Дня два Сергей лежал в углу на дощатых нарах, ни повернуться ему, ни сесть нельзя.

После работы прибежала Наташа, села рядом на сундучок, припала щекой к его горячей руке, плакать не плачет, а слезы у нее катятся. Совладать с собой никак не может. Хочется ей чем-то горе Сергеево залить. А чем — не знает. Глядит на Сергея и видит: после всего стал он какой-то на себя не похожий, особливо глаза его карие помутнели, смотрит прямо. И тяжело становится, как в них глянешь.

Спросила она, тихо так, словно боясь раны свежие, разбередить:

— Сереженька, больно тебе?

Отвернулся он на минутку к стене, и видно, как губу кусает и горло содрогается, словно он что-то кислое никак не проглотит.

— Клопов-то в пазу сколько, — вдруг вымолвил он, потом обернулся к Наташе, а у самого глаза влажные, как черная смородина, дождем умытая, да и говорит он: — Не так больно, Наташа.

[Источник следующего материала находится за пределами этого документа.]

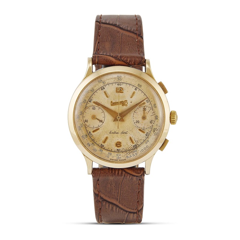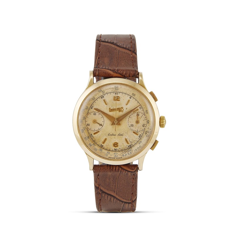 cassa in oro giallo 18kt, fondello a pressione, corona marcata, tasti crono di forma rettangolare, quadrante champagne firmato Eberhard & Co., contatore dei secondi a ore nove, contatore dei minuti a ore tre, numeri arabi e indici applicati color oro, movimento a carica manuale cal Valjoux 65, cinturino in pelle marrone, fibbia in metallo dorato, vetro plastica, gr. 51. Diam. mm 40
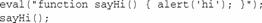 这里,函数sayHi()是在eval()调用内部定义的。因为该调用将被替换为真正的函数,所以仍可在接下来的一行中调用sayHi()。
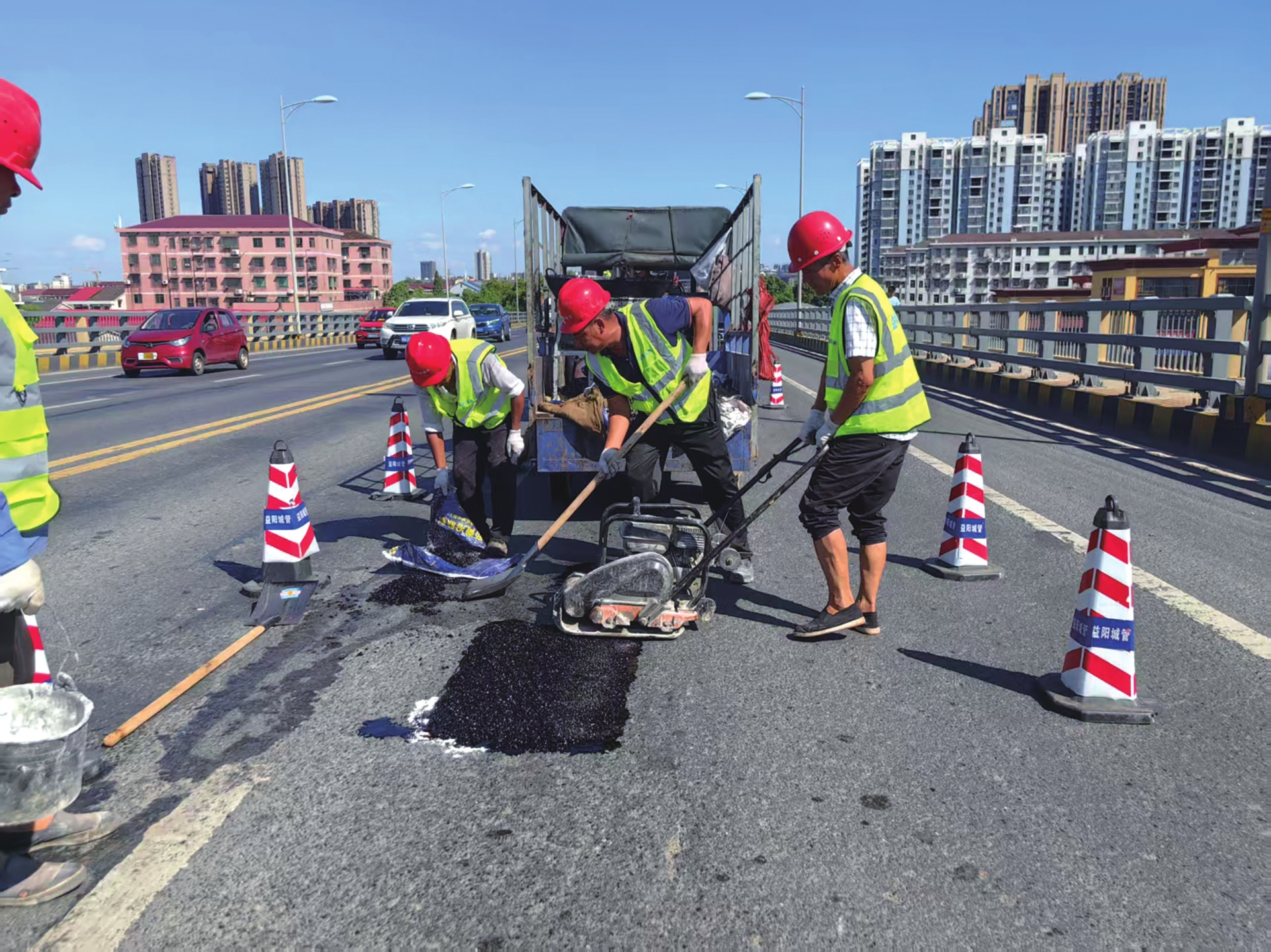 此次维修共修补桥面坑洞25个,填充桥面缝隙24条,清理堵塞的塞雨水箅子22个,维修面积达100多平方米。
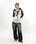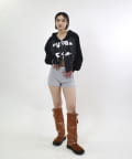 →ゆったりなジップパーカーなので、ミニ丈ボトムで女の子らしく【ゆったり×ミニ丈】でスタイルアップも叶います。
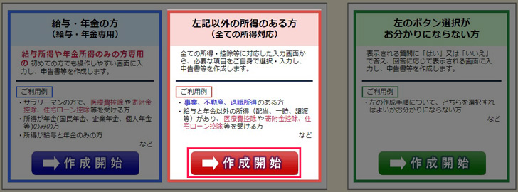 ▼「左記以外の所得のある方」の作成開始をクリックします。
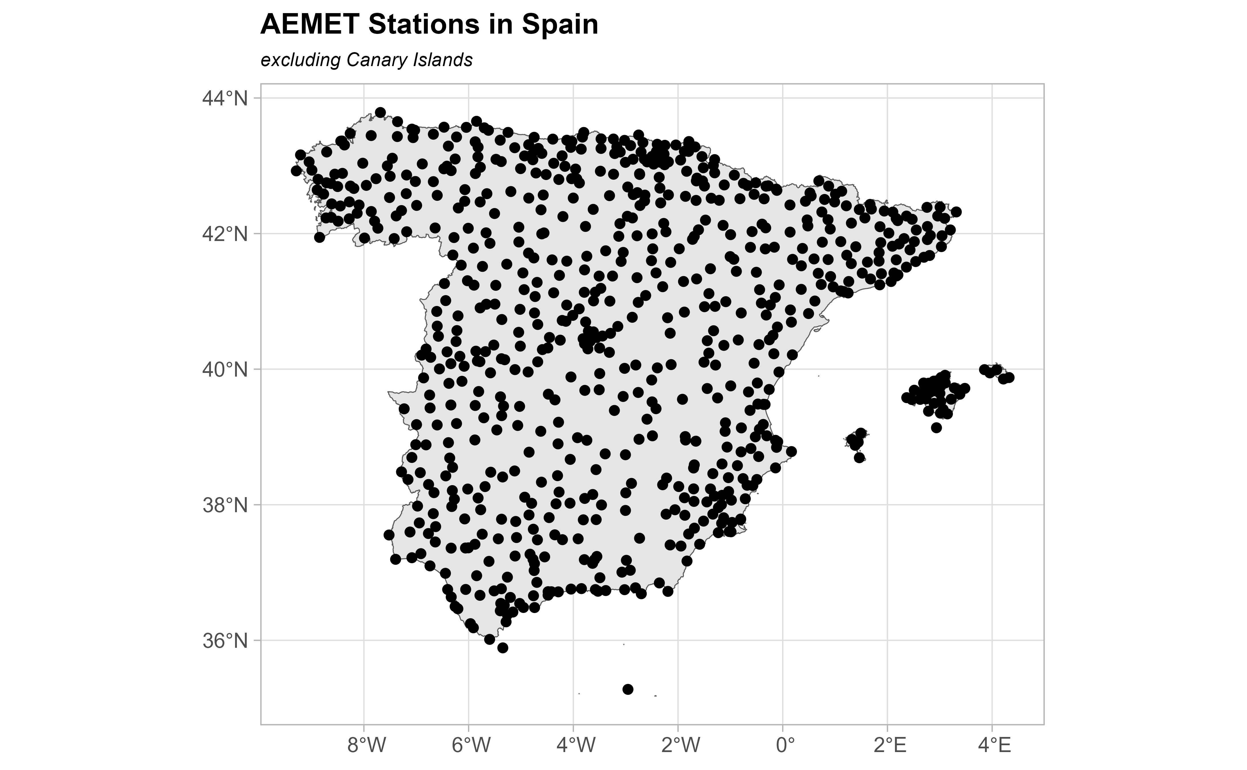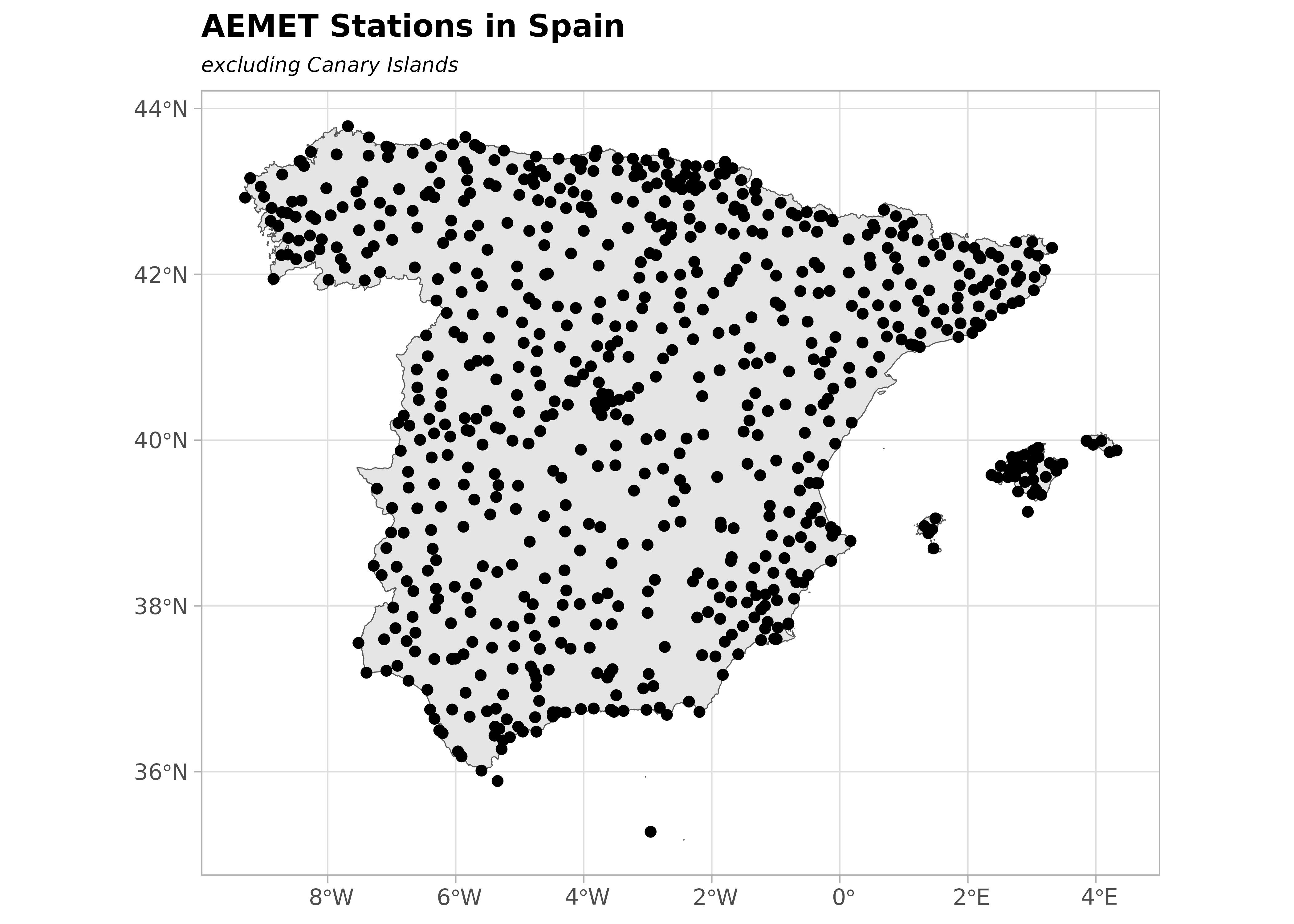 #> [26] "geometry"In this step, we select the variable of interest for each station. For simplicity, we would remove the Canary Islands in this exercise:

Обида горька… Погоди, Наташа, чует мое сердце: хоть день, да в полную радость, как нам хочется, поживем…

И заулыбались его карие глаза. Взял он руку Наташину, к груди к своей прижал и так ласково, бережно гладит.

— Хорошо бы так-то. Да сбудется ли по-нашему-то? — Наташа спрашивает, сама тужит: — Податься человеку некуда. Ночью вчера на всех прогонах поперек улицы деревянные решетки поставили, от зари до зари ходят по селу да гукают, от избы до избы не пущают. Кого-то, знать, ловят!

На третий-то день Сергей кое-как встал, ткать пошел. Увидел хозяина, отвернулся, будто не замечает.


Прошло сколько-то после того, можа, так о месяц, не больше. Затосковал наш Сергей пуще прежнего. Сердце его неуемное на волю запросилось…

Праздник какой-то был. Вышли молодцы за светелку к забору, на солнце погреться, на траве зеленой поваляться. Окромя и пойти некуда. Теперь-то обширно и цветисто наше место, недаром ситцевым царством прозвано, а в те поры не то вовсе было, совсем другой колер. Село — как село, много таких-то, можа, дворов сотни две, а то и этого не насчитаешь. Посередь села Покровска гора, на горе церковь, по одну сторону река, по другу овраги да ямы, а по-за оврагом-то четыре-три улицы кривых, избенки хмурые, оконца маленькие, на крышах солома, а в огородах кой у кого и побольше избы есть — это светелки-то, в них-то и ткали старые люди. Около церкви торжок невелик. Лавок десять каменных, десятка два деревянных, с дюжину шалашей, пяток балаганов да трактир с кабаком. Анбар льняной да сарай соляной, гостиный двор да изба-таможня, кузница при дороге — вот тебе и весь торжок.

День ведреной был, радостный. Небо синее и солнце такое, как материнский взгляд, приветливое.

Кто-то на рожке грустно-грустно заиграл. А Сергей сидел, обнял колени да все в землю глядел. Потом как вскочит.

— Будет тебе, Митька, плакаться-то, давай веселую!

Эх, да нам бы в поде,

Нам бы волю!

Эх, нам бы в руки кистени!

Негаданно — масленая голова — хозяин подошел к забору, наклонился пониже и слушает, что тут за небылицы Сережка, разводит.

Глядь, от лесу прямо над фабрикой летят гуси-лебеди, серебряными крыльями весело помахивают, и ни преграды им, ни запрета нет. Куда хотят, туда и летят.

Глянул Сережка, умолк, потом руки вскинул и кричит им вослед:

— Эй, гуси-лебеди, летите в понизовье, снесите от нас да поклон Степану свет Тимофеичу!

И картузом вослед им помахал Сергей. Калачев горбыль оторвал, просунул голову в забор.

— Лечили тебя, да мало. Все маешься? Подожди, скоро с провожатым отправим!

Сергей стоит, ни слова. И другие стоят. Осмелел Калачев, пролез в дыру забора, накинулся на Наташу:

— А ты чего здесь не видала? Охальница баламутная, всяки непристойности слушаешь! — да и толкни Наташу в бок-то.

— Ступай в свою нору! — кричит на девку.

— Не смей трогать! — прикрикнул на хозяина Сергей.

— А ты мне что за указ? Клейменый вор!

Не стерпел Сергей и со всего молодецкого плеча заехал Калачеву то тому месту, коим щи хлебают.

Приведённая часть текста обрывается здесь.